Obama helpfully explained that “Congress, Democrats and Republicans, put together a loan guarantee program because they understood, historically, when you get new industries, it’s easy to raise money for start ups, but when you want to take them to scale oftentimes there’s a lot of risk involved, and what the loan guarantee program was designed to do was help get start up companies to scale.” So he apparently means by “per se” that it was actually a program of Congress, Democrats and Republicans, and they should be the ones that even Jon Stewart is ridiculing.

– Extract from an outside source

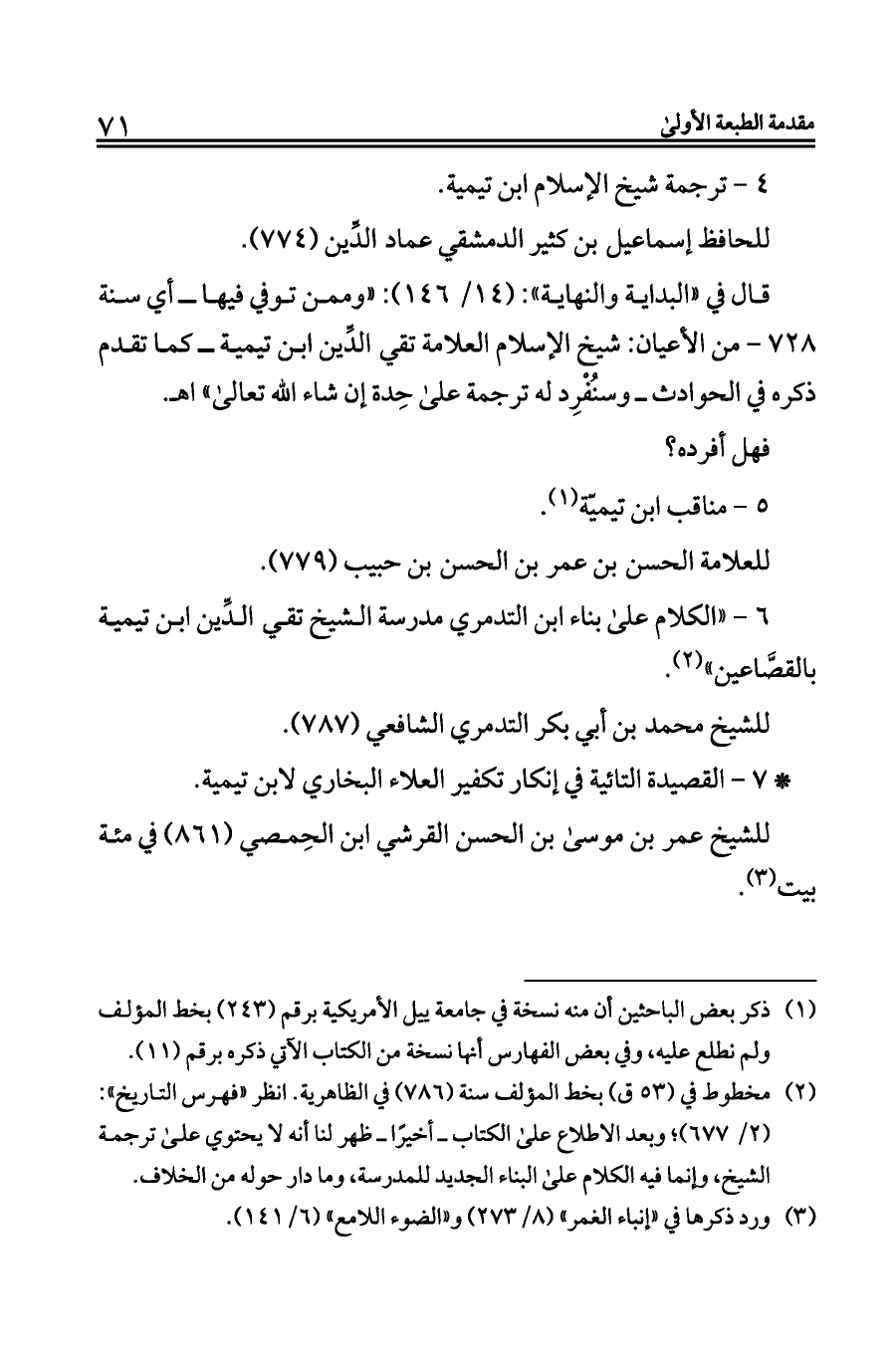 (¬٢). مخطوط في (٥٣ ق) بخط المؤلف سنة (٧٨٦) في الظاهرية. انظر «فهرس التاريخ»: (٢/ ٦٧٧)؛ وبعد الاطلاع على الكتاب ــ أخيرًا ــ ظهر لنا أنه لا يحتوي على ترجمة الشيخ، وإنما فيه الكلام على البناء الجديد للمدرسة، وما دار حوله من الخلاف.

He might as well have noted that it was also a program of the Department of Energy, an agency established during the administration of Jimmy Carter, and that his already much-maligned predecessor should therefore bear the blame.

Such a “per se” obscures a few key points. The funding for the Solyndra loans came not from some long-ago act of Congress but from the stimulus package that Obama was once eager to claim as his program, a point that he reiterated when he gave a much publicized speech at the Solyndra factory in happier times and told the adoring crowd that “Through the Recovery Act, this company received loans and expanded its operations. This new factory is the result of those loans.” The funding was also approved by Obama’s appointees at the Department of Energy, over the objections of the career civil servants there, and had been wisely rejected by the previous administration. Also, while it might not have been his program, per se, those were definitely his campaign bundlers who were getting the loans.

There’s no wondering why Obama would want to distance himself from the Solyndra fiasco, but it remains a mystery why he stubbornly clings to the rest of his failed “green jobs” policies. Solyndra is but one of several heavily-funded “green” projects hat have gone bust, from Ener1 to Beacon Power to the Chevy Volt, and it’s going to take a lot of per se to revise that history.